In one case, a nurse convicted of and imprisoned for actual bodily harm against his wife was allowed to produce a “good character statement” during a hearing and was allowed to rejoin the nursing register without restrictions.
In another case, a nurse who had been placed on the register of sex offenders for groping a taxi driver while drunk was given a four-month suspension as the panel considered it a “lower-end” sexual assault.

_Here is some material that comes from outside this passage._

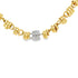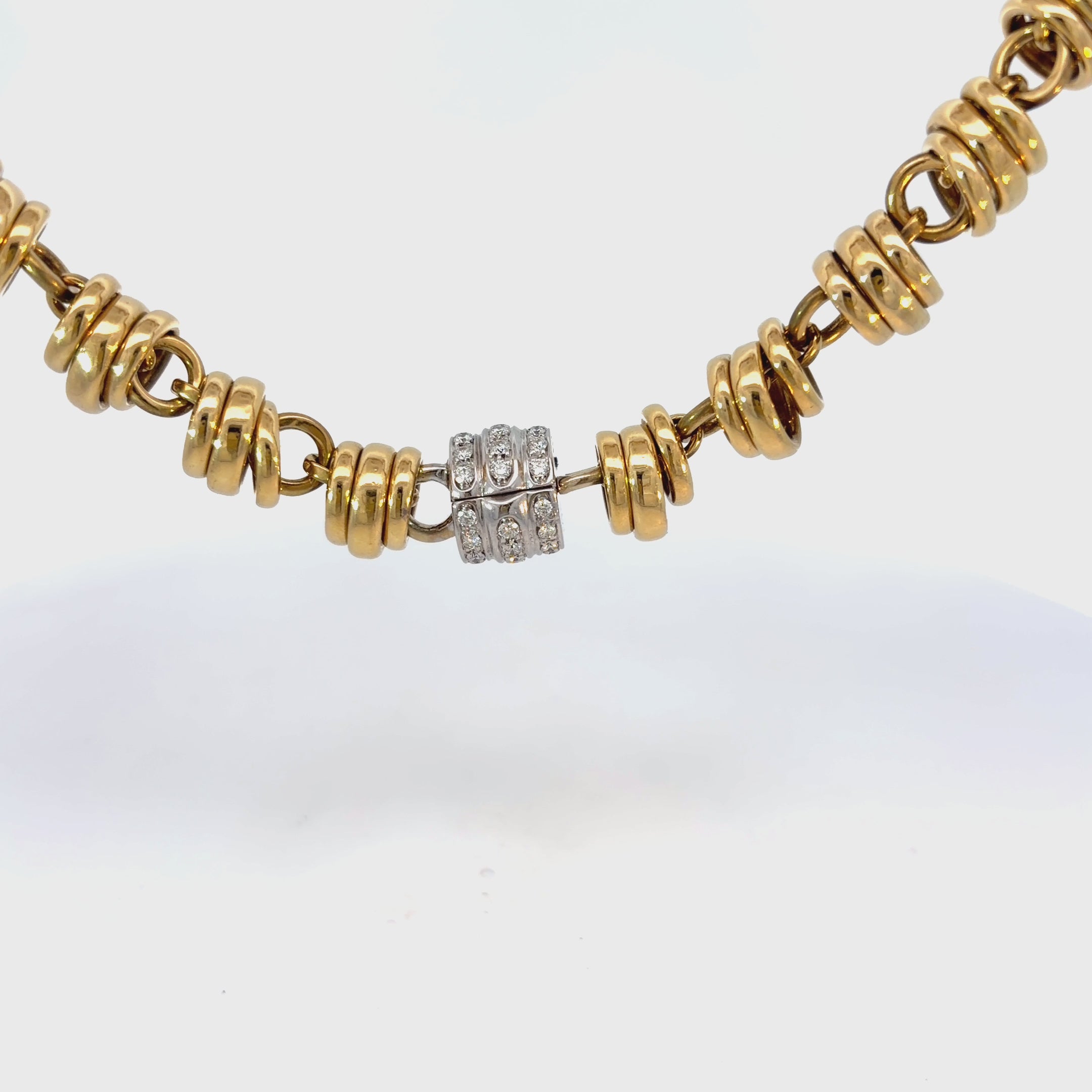 Een 18kt geel met witgouden collier bestaande uit ronde schakels met hieromheen verschillende maten rondellen, de sluiting klapt open en is bezet met 38 briljant geslepen diamanten, samen 0.76ct F/G-VVS, Pre-Owned ca 1980, Marge, 141,2 gram

Nurse Kat Barber, who carried out the study, said there was a “massive misunderstanding” of the context of gender-based violence by the regulator. She added: “In my opinion, [staff and patients] are enormously at risk because of the way [the NMC is] addressing domestic violence and assault.”
However, data shared by the NMC shows that the rate at which sexual assault allegations are progressed to investigation is far higher compared with allegations in general.
Lesley Maslen, executive director of professional regulation at the NMC, said: “There is no place for sexual and domestic abuse in society. We know this disproportionately affects women, who make up the majority of professionals on our register. Our data shows that anyone on our register who is found to have proven allegations of sexual misconduct is highly likely to be struck off.”
Ms Maslen said decisions made by the NMC are reviewed by the Professional Standards Authority, but that the council is always aiming to improve and will reflect on the cases highlighted. Last year the NMC published stronger guidance for those making decisions in such cases – in particular, decisions over their seriousness.
Figures shared by the General Medical Council (GMC) show that more than 500 sexual assault complaints to the doctors’ regulator were dropped between 2018 and 2021. However, data shows that only 45 per cent of sexual assault allegations are closed and not investigated compared to 85 per cent of cases overall.
One doctor told The Independent of her experience referring another doctor to the GMC following a sexual assault. Dr Ash, whose name has been changed, said she was sexually assaulted by a senior male consultant when she was a trainee.
Dr Ash said she didn’t feel she could report the consultant at the time, but referred him to the GMC after an encounter at an event years later. This was just prior to the pandemic, and it has taken three years for the case to be investigated and to conclude.
In its final ruling, the Medical Practitioners Tribunal Service (MPTS), a statutory committee of the GMC, found there was no case to answer, as it could not be proven that Dr Ash hadn’t given consent.
Dr Ash told The Independent: “The GMC is [just] pushing pieces of paper around. They don’t actually try and find out the truth. They take statements from the witnesses and their names. They have said, ‘Well, it’s totally understandable, you gave them no indication [of non-consent].’
“[The MPTS] said there was no relationship of trust between a consultant and a junior doctor, because the difference in age isn’t that much. They’re so far removed from the reality that they blame us for putting up with behaviour that someone in the office would never put up with, because of the urgency and importance and immediacy of our work with patients.”
Anthony Omo, general counsel and director of fitness to practise at the GMC, said: “There is no place for any form of sexual misconduct in the healthcare services. Sexual assault is a criminal offence, and any doctor who has committed such acts should be investigated by the police.”
He said the GMC works with police and employers to investigate concerns raised, and seeks opportunities to learn from every case.